Economia

Leilão de reserva energética não agrada setores produtivos e especialistas

Governo Federal enfrenta questionamentos por contratar usinas poluentes e aumentar tarifas
Leilão de reserva energética não agrada setores produtivos e especialistas
A maioria dos lotes vendidos contempla usinas termelétricas, cuja energia é considerada cara e mais poluente | Foto: Ricardo Stuckert / PR

O que parecia ser uma solução está se transformando em um acalorado debate. Esse é o contexto do leilão de reserva energética realizado pelo Governo Federal em março. A proposta do pregão, muito aguardado pelo setor elétrico, é garantir a estabilidade do sistema nacional e evitar quedas de fornecimento, ou apagões, por falta de geradoras de energia.

A grande controvérsia, no entanto, é o tipo de energia contratada. A maioria dos lotes vendidos contempla usinas termelétricas. Com matriz variada, que inclui energia fotovoltaica e hidrelétrica, a contratação de energia mais poluente gerou reações.

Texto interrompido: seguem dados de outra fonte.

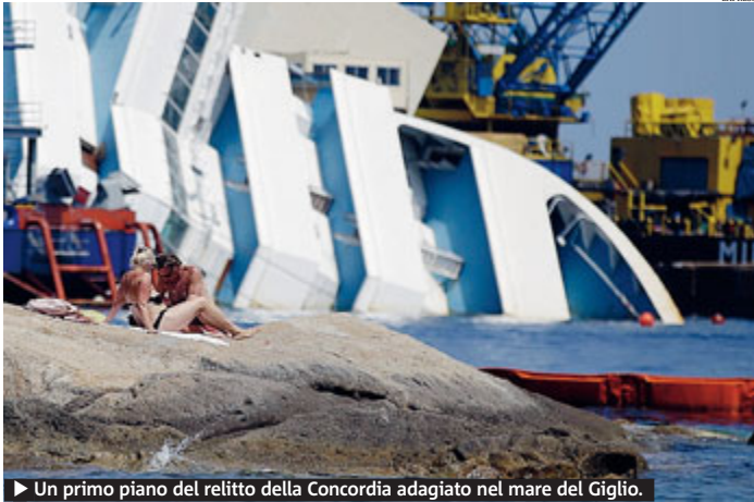
► Un primo piano del relitto della Concordia adagiato nel mare del Giglio.
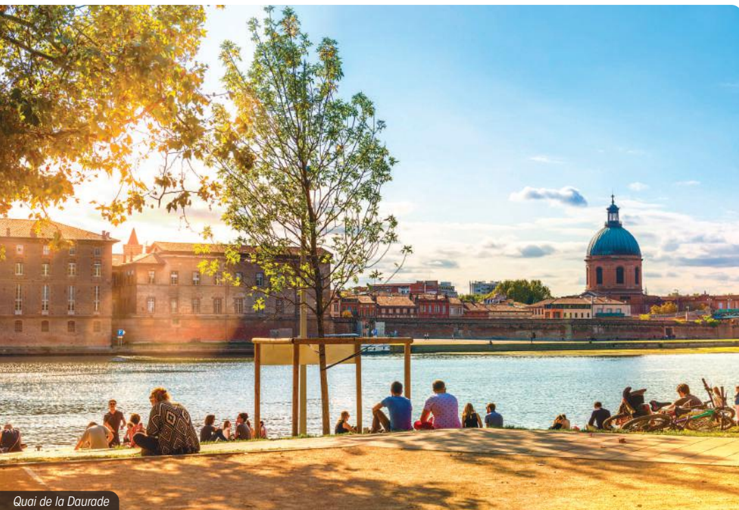
Quai de la Daurade
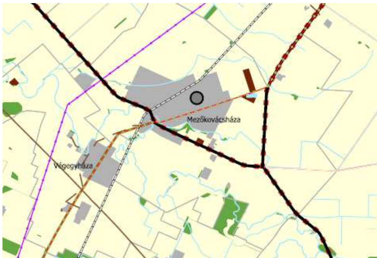
BMTrT 1. melléklet: Békés megye szerkezeti terve
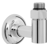
Набор комплектующих для ПС G 1/2" НР x G 1/2" НР арт. 03003-1212
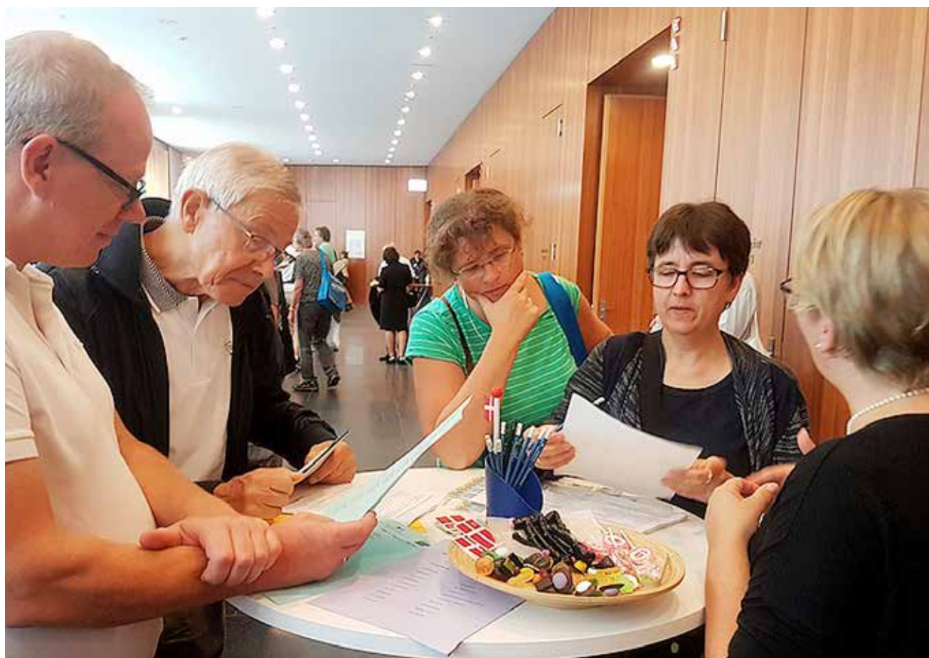
Besucher des Tages der offenen Tür beim Quiz bei der dänischen Minderheit.

“É necessária uma modificação dessa visão de usar as termelétricas como complementação das demandas. É uma energia inconveniente, ela está contra o fluxo elétrico, é considerada uma energia mais poluente em função do problema de carbonização. O que a Fiemg indica são as hidrelétricas, que é a energia limpa, o Brasil tem um potencial enorme nesse sentido. Essa é a nossa meta”, afirmou o presidente em exercício da Federação das Indústrias do Estado de Minas Gerais (Fiemg), Bruno Melo Lima.

Ele também aponta que esse tipo de matriz energética, aliado ao modelo do leilão realizado, pode gerar aumento nos custos da energia tanto para os setores produtivos quanto para o consumidor final.

“A ideia do leilão era fazer um contrato de mais ou menos 19 GW e existia um determinado preço teto para o leilão ocorrer. De uma hora para a outra, esse teto foi modificado, dobrado, triplicado. As empresas que ganharam esse leilão vão ter uma remuneração enorme. Esse impacto pode chegar a R$1 trilhão, o que significa a possibilidade de um aumento muito grande nas contas residenciais de até 20%”, completa Lima.

Sem clareza

O professor titular da Universidade Federal de Santa Catarina (UFSC), ex-diretor da Agência Nacional de Energia Elétrica (Aneel) e ex-CEO da Abrace Energia, Edvaldo Santana, corrobora com a entidade empresarial mineira e amplia o questionamento.

Para ele, ainda não ficou claro o motivo pelo qual o leilão contratou o volume de 19 GW de uma única vez, tendo em vista que se trata de uma reserva energética e não de algo emergencial para atender o sistema.

“O governo até agora não disse, objetivamente, por que os 19 GW contratados no leilão são necessários e por que precisam ser contratados todos de uma única vez. Se tal explicação não aparece, o resultado do leilão fica sob suspeita, ainda mais considerando seus efeitos na conta de luz”, observa.

“Era evidente que o elevado aumento nas tarifas seria e seguirá questionado. Foi assim com o PCS. Por que o Ministério de Minas e Energia (MME), responsável pelas diretrizes do leilão, não fez uma análise de impactos? Por que, mesmo sendo tudo em 2026, o MME não realizou leilões sequenciais?”, questiona Santana.

Homologação suspensa

Os questionamentos sobre o leilão tornaram-se tão frequentes que a homologação, prevista para o dia 21 de maio no Tribunal de Contas, foi suspensa pela Aneel.

O Ministério Público Federal (MPF) quer a suspensão total do certame pela Justiça e entrou com uma ação para interromper todo o processo do pregão realizado até agora.

O órgão alega possível falta de transparência e falhas nos estudos que embasaram a realização do certame. Outro ponto debatido na ação é que o modelo adotado para os leilões pode gerar impactos bilionários aos consumidores de energia elétrica.

Além de favorecer termelétricas movidas a combustíveis fósseis sem justificativa técnica suficiente, o certame pode gerar prejuízo bilionário estimado entre R$ 500 bilhões e R$ 800 bilhões, com impacto direto nas tarifas de energia para empresas e para o consumidor final.